What is Radiocarbon Dating?

It’s a very exciting feeling when you unearth your first artefact, one which anybody who has uncovered a find will know well. You could be holding something – a bowl, a bead, or a brooch, perhaps – which has not been seen for hundreds, or even thousands of years. But how do we find out just how old an artefact is? There are various methods which can help us work out a date, and one important technique in an archaeologist’s toolkit is radiocarbon dating.

Brooches and Bones

Over 2,000 years ago, brooches were the height of fashion in Scotland. Today they help tell us more about the Iron Age people who wore them. Brooches are often all that survives from the dress of an Iron Age person and since the early 20^th century, they have been used to estimate how old a burial or site is.
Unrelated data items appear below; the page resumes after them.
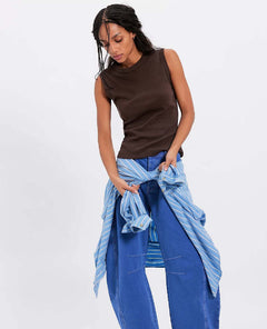 It’s that perfect intersection of basic and bold — simple enough to be a closet staple but rich enough in color and cut to feel special. The chocolaty tone works across seasons and skin tones, making everything you pair with it pop. It’s the kind of tank that feels luxe without trying too hard — understated but undeniably cool.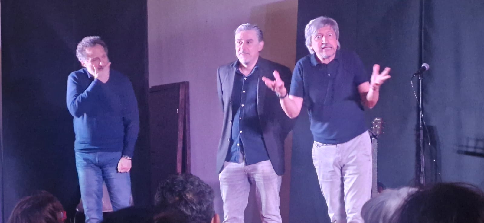 Lo spettacolo si è rivelato esilarante con l’alternanza di scenette e monologhi con piacevolissimi intermezzi musicali, la sala si è divertita molto, i comici sono stati davvero bravi si perché far ridere non è cosa da poco: scegliere i tempi comici, orientarsi con la sala ed i suoi disturbatori, puntualmente sfidati dai comici che solitamente mettono in ridicolo la loro disattenzione e a volte maleducazione.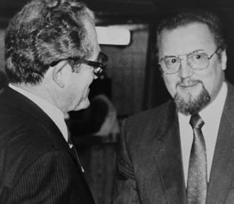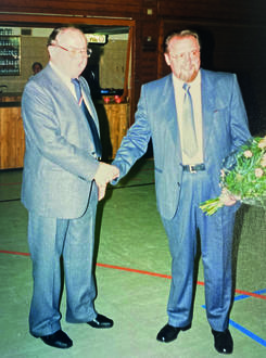 Vor der Wahl: Gespräch des damaligen Vorsitzenden der Gemeindevertretung Hermann Krieger (li) mit Willi Menges (re)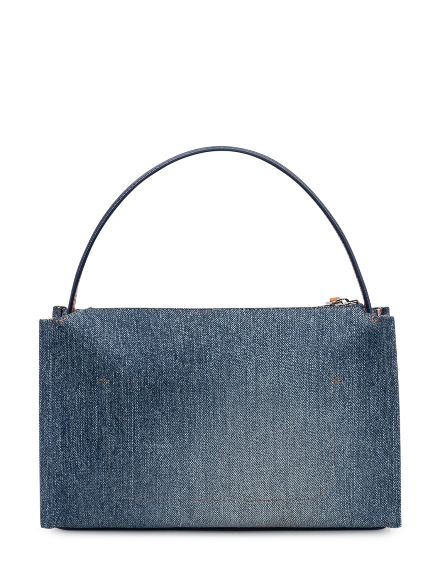 Top handle bag with rectangular structure and single handle. Front denim insert with contrasting central band and top zip closure. Modern and compact design, ideal for contemporary look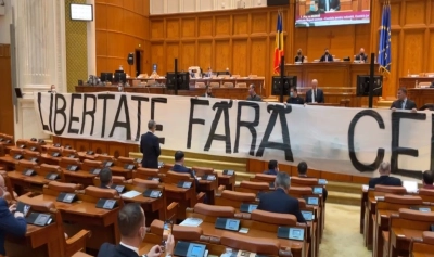 Scandal monstru în Parlamentul României, unde se dezbate certificatul verde. Mai mulți reprezentanți AUR au blocat prezidiul cu un banner uriaș pe care au scris: „Libertate fără certificate!”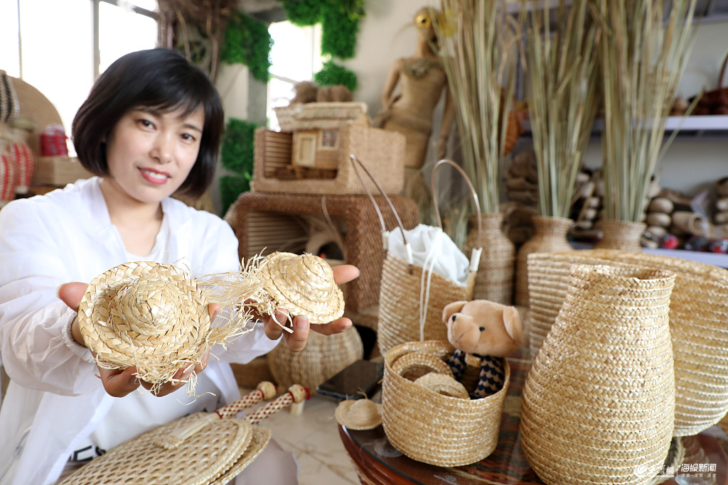 2019年6月16日,在山東省濱州市博興縣錦秋街道灣頭村,農民王貴芝展示使用小麥秸稈為原料編織的傳統工藝品。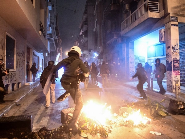 Καταδρομική επίθεση με μολότοφ σε βάρος διμοιρίας των ΜΑΤ σημειώθηκε αργά το βράδυ της Πέμπτης στην πλατεία των Εξαρχείων. Μετά από πορεία αλληλεγγύης για τον τραυματισμό του 16χρονου Ρομά στη Θεσσαλονίκη από αστυνομικά πυρά, μία ομάδα αντιεξουσιαστών φέρεται να επιτέθηκε στους άνδρες των ΜΑΤ που βρίσκονταν στην πλατεία για τη φύλαξη του εργοταξίου του Μετρό. Από τους δράστες πετάχτηκαν διάφορα αντικείμενα, πέτρες και μολότοφ με αποτέλεσμα τουλάχιστον τρία αυτοκίνητα να τυλιχτούν στις φλόγες. Οι δυνάμεις των ΜΑΤ απάντησαν με ρίψεις κρότου λάμψης και δακρυγόνα.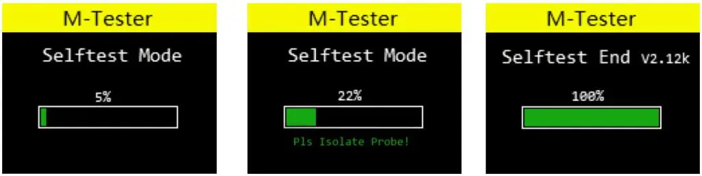 Теперь нажмите Старт, чтобы выполнить самотестирование. Устройство спросит вас прибл. 22%, чтобы удалить компонент, чтобы можно было успешно завершить самотестирование. Теперь вы можете приступить к измерению ваших компонентов. Вы запускаете процесс измерения с помощью кнопки Start.

To date a brooch we look at its shape, style and design, as well as the way it has been made and the type of metal it’s made from. But now, at the University of Glasgow, we are researching how to improve this traditional technique using a method called radiocarbon dating.

What is Radiocarbon Dating?

Radiocarbon dating (also referred to as carbon dating or carbon-14 dating) is a method for determining the age of an object which contains organic material by using the properties of radiocarbon, a radioactive isotope of carbon. Archaeologists often use this method to date organic remains (e.g. human or animal bone). It has been in use for 70 years and in that time the method has been improved immensely. We now only need a very small sample of bone to achieve a radiocarbon age accurate to about 50 years.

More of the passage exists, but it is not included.